BEGIN RECORDS FOR PROCESSING

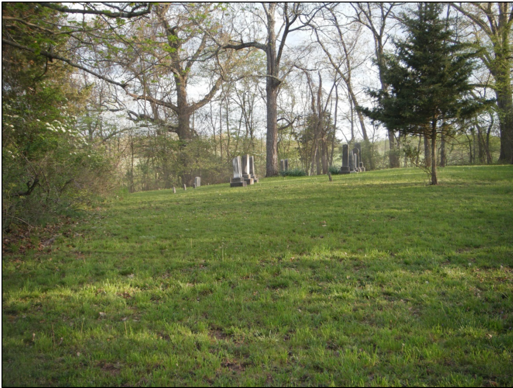
Photograph of 46-HM-222, looking southwest.
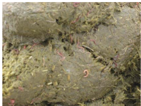
Figure 1. Small strongyles in manure after deworming.

Pin worms are found in horses of all ages. Horses ingest eggs from feed or water contaminated with manure, or by licking walls or fences. The larvae mature in the horse's intestines, then as adults, the females move to the rectum and deposit sticky eggs around the anal area. The damage caused by pinworms is external due to intense itching and scratching of the tail area and loss of tail hair. A broad spectrum of dewormers will work on this parasite.
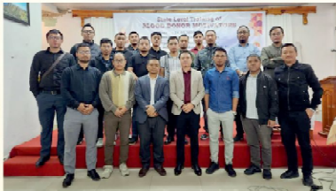
March Ni 24, State Level Training on Blood Donor Motivator 2023 neitha CKTP aiawh leh bial aiawh palai kal le

MERCHANT NAME: KTP UPI ID: KRISTIANTHALAI@SBI
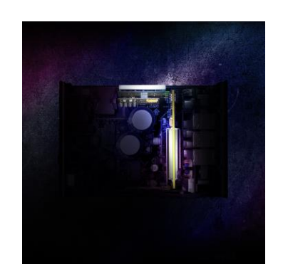
PATENTED PLANAR TRANSFORMER
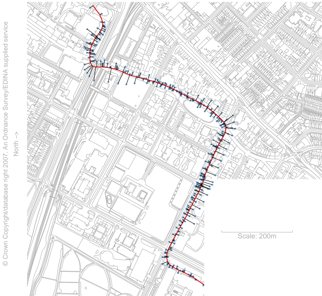
Figure 2: Principal curve (red) fitted to GPS point cloud data.
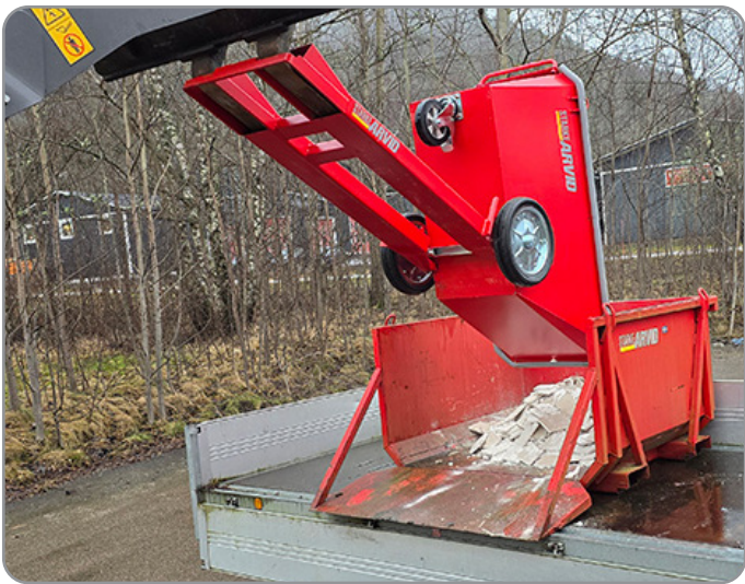
Sorting and emptying the wastebins is made easy with the Waste Bin Tipping Frame. Tilt the machine's forks, and the tipping frame tilts forward to empty the contents.
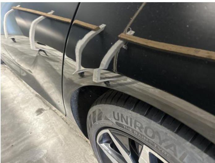
7: Qtr Panel nsr Dented 2 Or Less UpTo 10mm
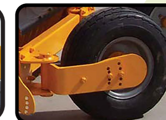
▶ Adjustable wheels
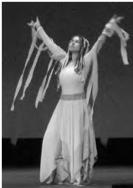
The Artifact—Masquerade Entry
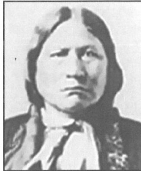
CHIEF BLACK COAL (Arapaho)
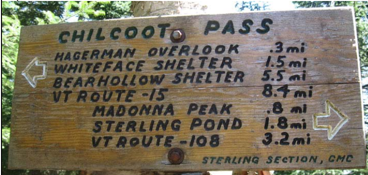
1.) LT: Chilcoat Pass.
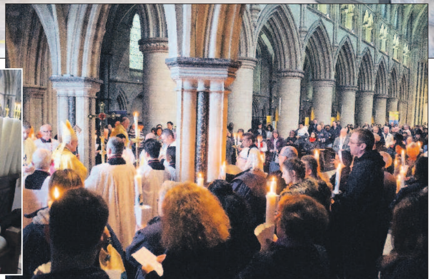
Pictures from the Closing of the Door of Mercy at St John's Cathedral in Norwich on November 20.
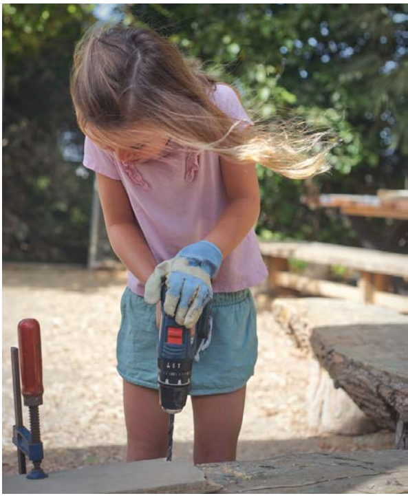
Working on a personal projects using real tools.
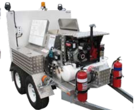
Aviation fuel quality test & hydrant pit cleaning
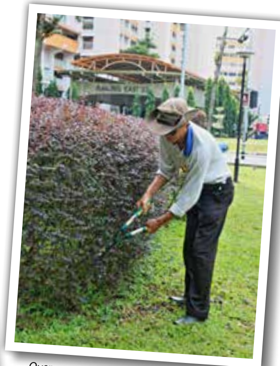
Overgrown shrubs are trimmed regularly to maintain a neat appearance.
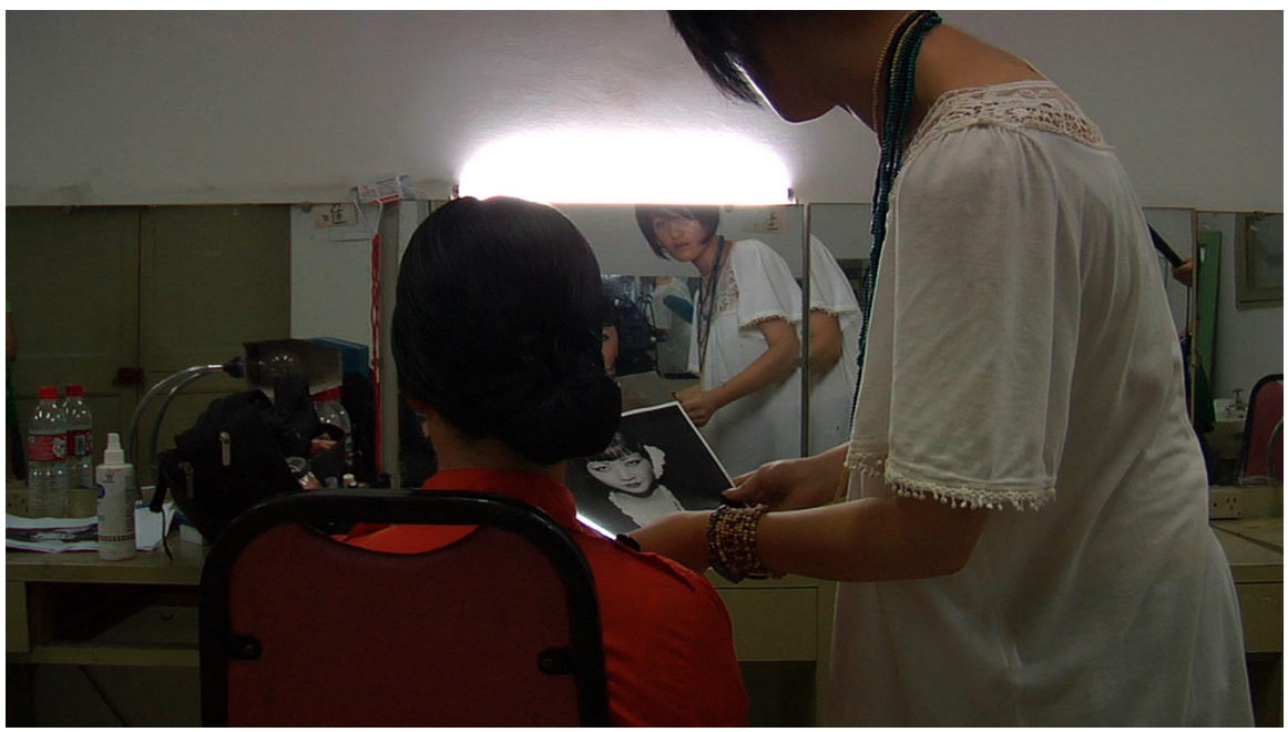
Figure 8.3. Patty Chang, The Product Love – Die Ware Liebe, 2009. Image courtesy of artist.

that the knocking on the table assimilates a German means of expressing satisfaction following a performance, like applause. Chang plays with these various interpretations springing from the English cognates "would" and "wood," while teasing out the sexual implications of "touch wood" coinciding with Benjamin's seeming infatuation with the actress (Pollack).
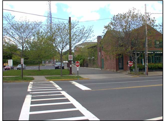
Existing crosswalk on North Main Street East Hampton, New York

F&A prepared a neighborhood plan for the North Main Street area of this upscale East End community. Analysis included an inventory of uses, parking and traffic conditions, streetscape and infrastructure improvements as well as extensive community visioning and an intensive 3-day design charrette. The North Main Street Corridor Study resulted in a plan to improve circulation along the commercial strip, as well as recommendations to amend zoning and suggest design guidelines to make the area more pedestrian friendly.
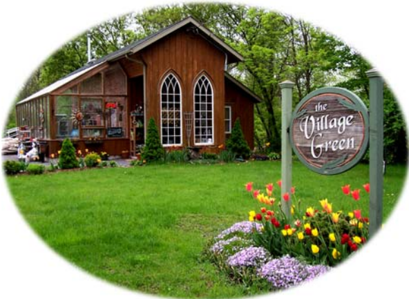
the Village Green, home of Terra Edibles
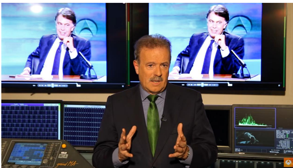
Figure 7. «El debate de Felipe González y José María Aznar: 25 años de historia».

A paradigmatic example of the institutional value of video footage is the face-to-face electoral debate between Spanish party leaders, Felipe González and José María Aznar, just prior to the Spanish general election in 1993 (Figure 7). In addition to its obvious historical value, this was the first televised debate of its kind in Spain, making it also valuable for the history of the media company itself. After all, footage illustrating an institution's major milestones is often used to highlight its authority or importance in its domain.
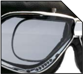
Chrome prescription inner frame

FRAME: Designed for durability and high performance in all weather conditions.
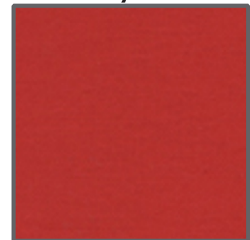
SC5333 Cherry Cotton Couture 1/2 yard
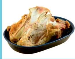
Meat, fish & bones; cooked or uncooked
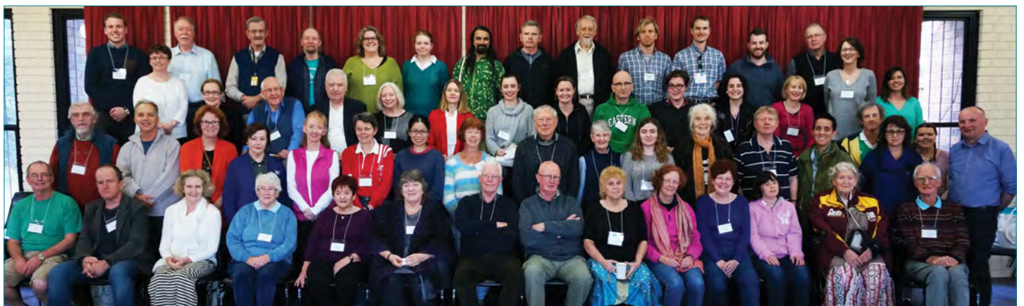
Lucht freastail Scoil Gheimhridh Sydney. Thug cuid mhór acu faoin scrúdú TEG

Tá an scrúdú bonnleibhéil don Teastas Eorpach Gaeilge (TEG) déanta ag 33 duine i Sydney na hAstráile - an chéad uair riamh gur tionóladh na scrúduithe sin an taobh sin den domhan
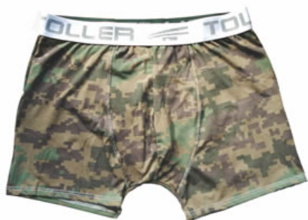
CUECA BOXER ADT 1000 TOLLER VALOR R$ 11.50
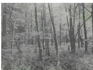
「Mirage #113」 110×150 cm

Her major solo exhibitions include Knock Knock: Knocking on the Door of Boundaries (The Triangle, Kyoto City KYOCERA Museum of Art, 2025) and Through the Veil, Across the Rub (GINZA TSUTAYA BOOKS, Tokyo, 2025). In 2019, Yakushigawa was honored with the Shiga Prefecture Next-Generation Culture Award.
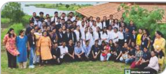
Re-Charkha Visit (2025)
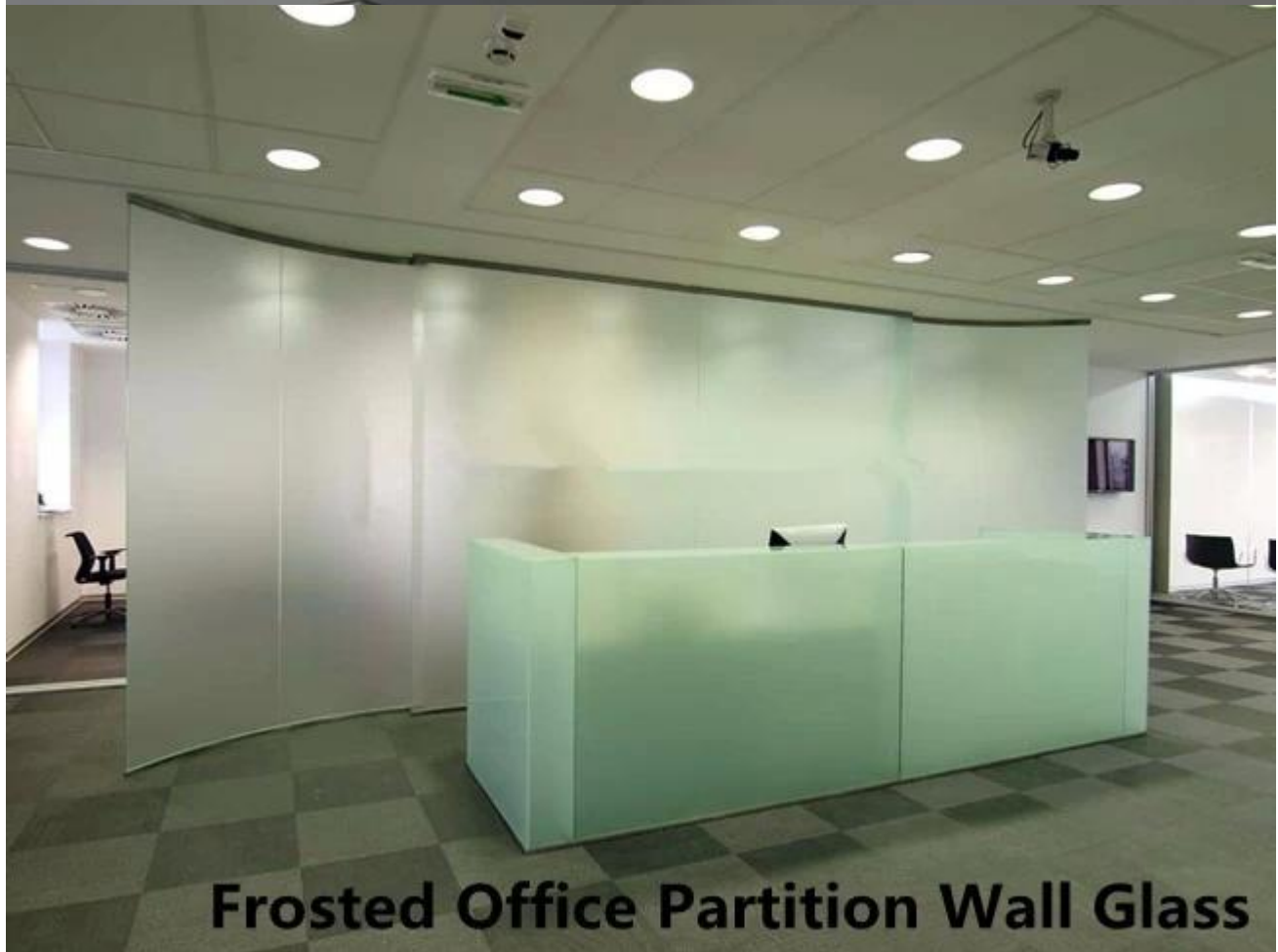
Frosted Office Partition Wall Glass
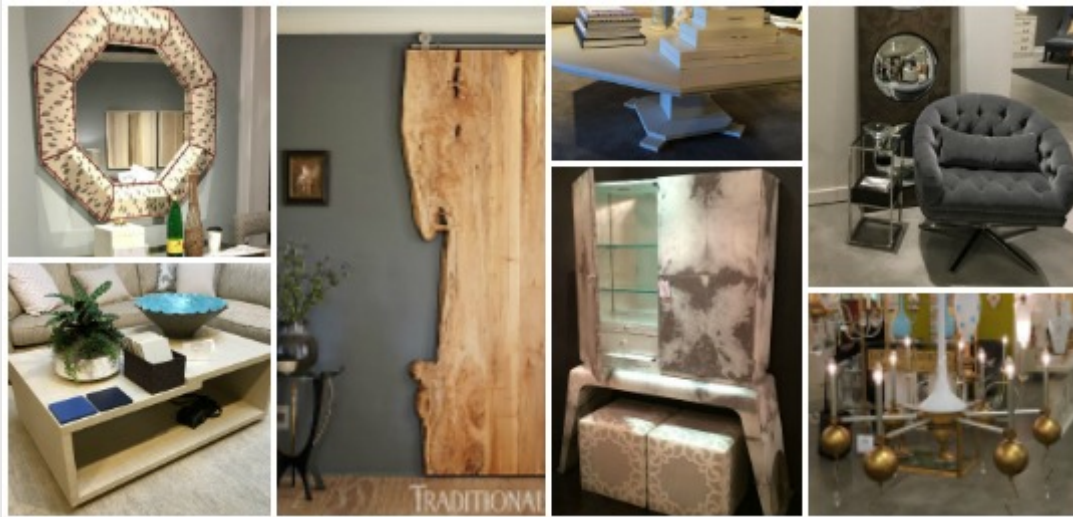
Clockwise from upper left photos courtesy of: Vanguard via Sweet Peas Design, traditionalhome.com, Kravet via Sweet Peas Design, Vanguard via Sweet Peas Design, Louise Gaskill via Sweet Peas Design, emporiumhome.com
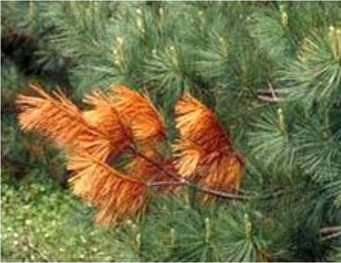
Figure 4. A typical “branch flag” caused by a blister rust canker girdling a branch (Photo by John Schwandt, USFS).

develops. Cankers are often spindle-shaped, and are frequently covered with excessive amounts of resin. Cankers often have yellow or orange-colored margins that are especially visible when the bark is wet. During the spring and early summer, yellow to orange blisters develop on or near the margins; these contain the spores that will infect Ribes leaves.
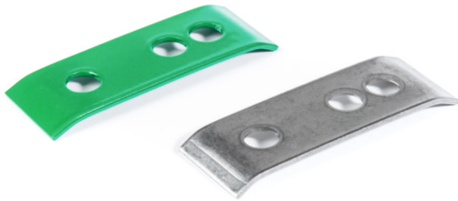
BUTPL - Butting Plate in self colour and painted options
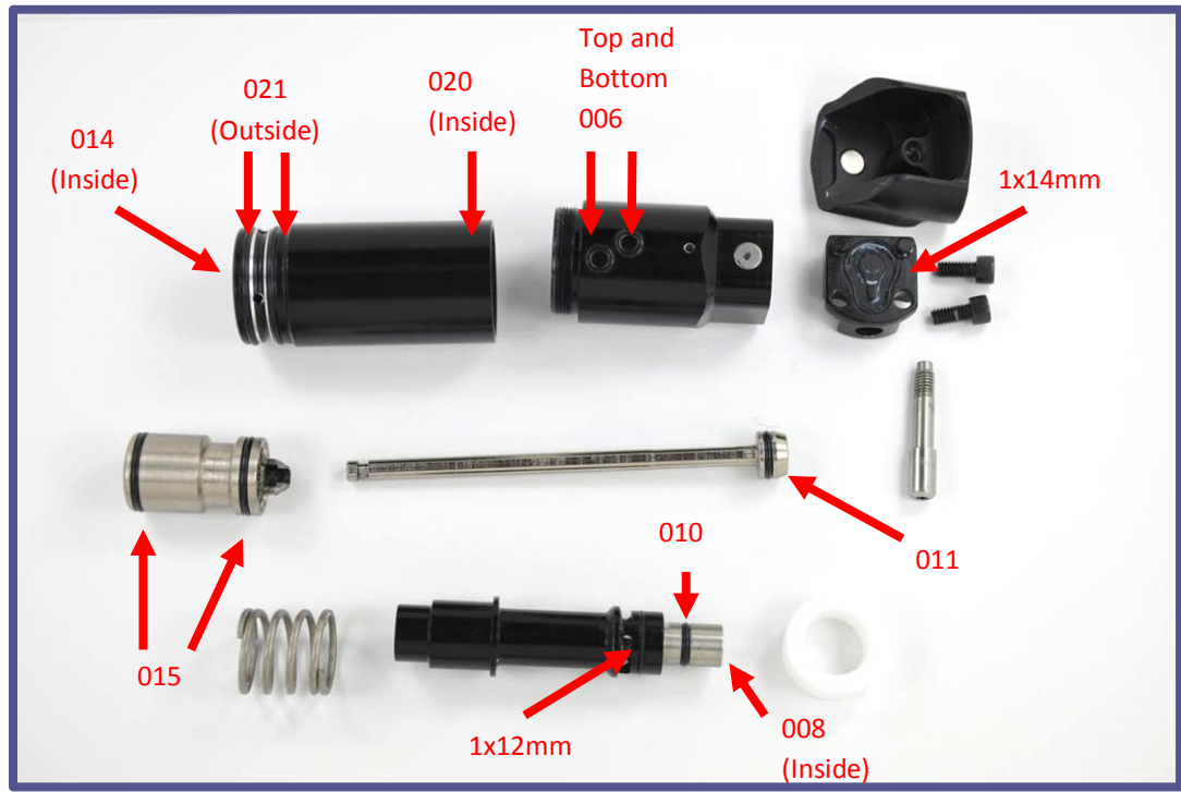
SUPERCHARGED ENGINE O-RING LOCATIONS
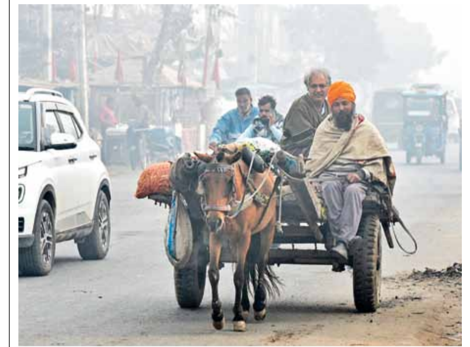
A man rides a horse along a street amid dense fog along a street in the outskirts of Amritsar on Friday. Fog engulfs many parts of the country during the winter months, disrupting normal life and throwing rail and road traffic out of gear.

The suspension was a result of WFI's failure to conduct elections within the deadline set by UWW in August. Consequently, Indian wrestlers had been compelled to compete as neutral athletes in global events over the preceding months.
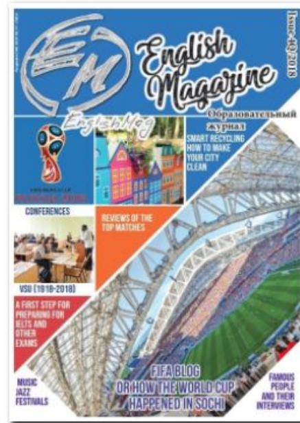
4Q/2018 FIFA Blog
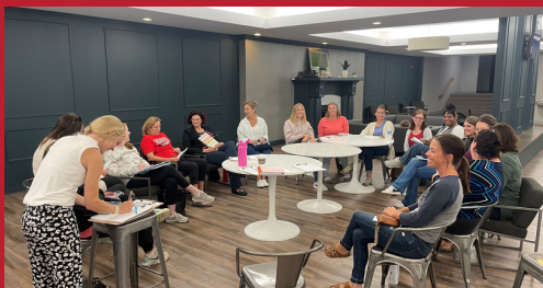
First PTO Meeting of the Year

This Book of the Law shall not depart from your mouth, but you shall meditate on it day and night, so that you may be careful to do according to all that is written in it.
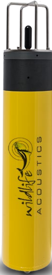
Sound recorder (900 x 170mm)
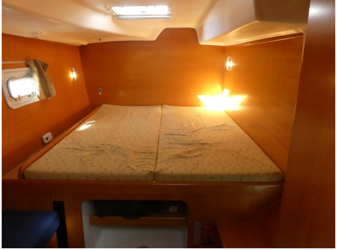
Used Sail Catamaran for sale 2004 Lagoon 380 - BLUE MOON OF AMBLE
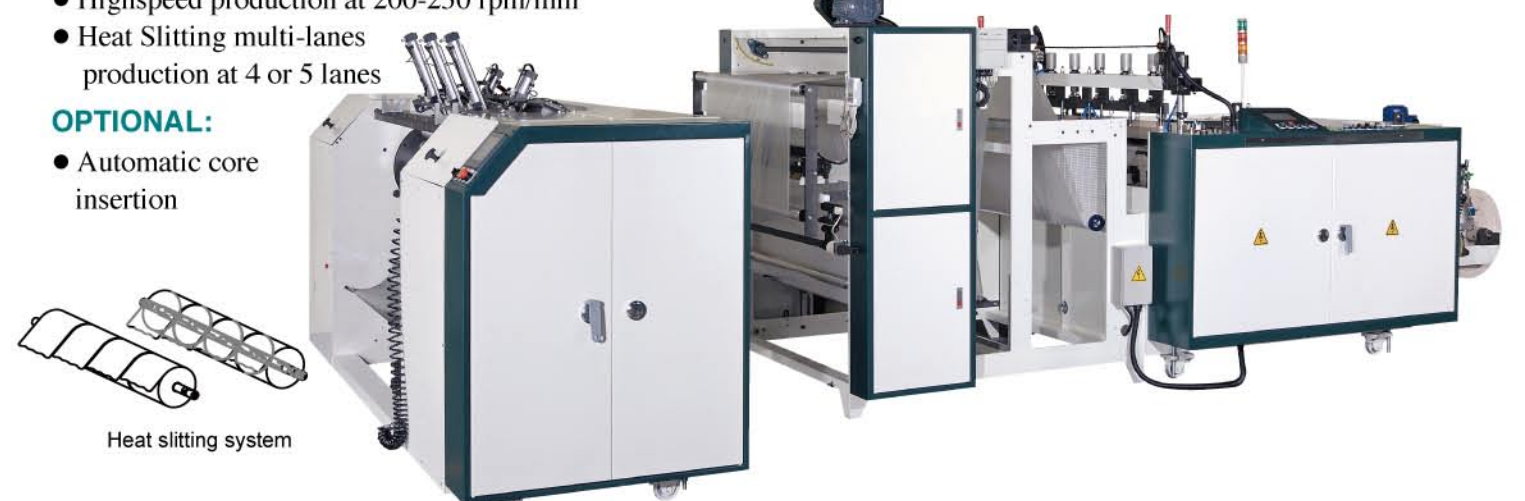
Heat slitting system

END RECORDS FOR PROCESSING

TASK DESCRIPTION » Go from the first line of the data above to the line containing "Figure 1. Small" and retype exactly those lines, both included, but none of the pictures.

RESULT FOR THIS TASK »
Photograph of 46-HM-222, looking southwest.
Figure 1. Small strongyles in manure after deworming.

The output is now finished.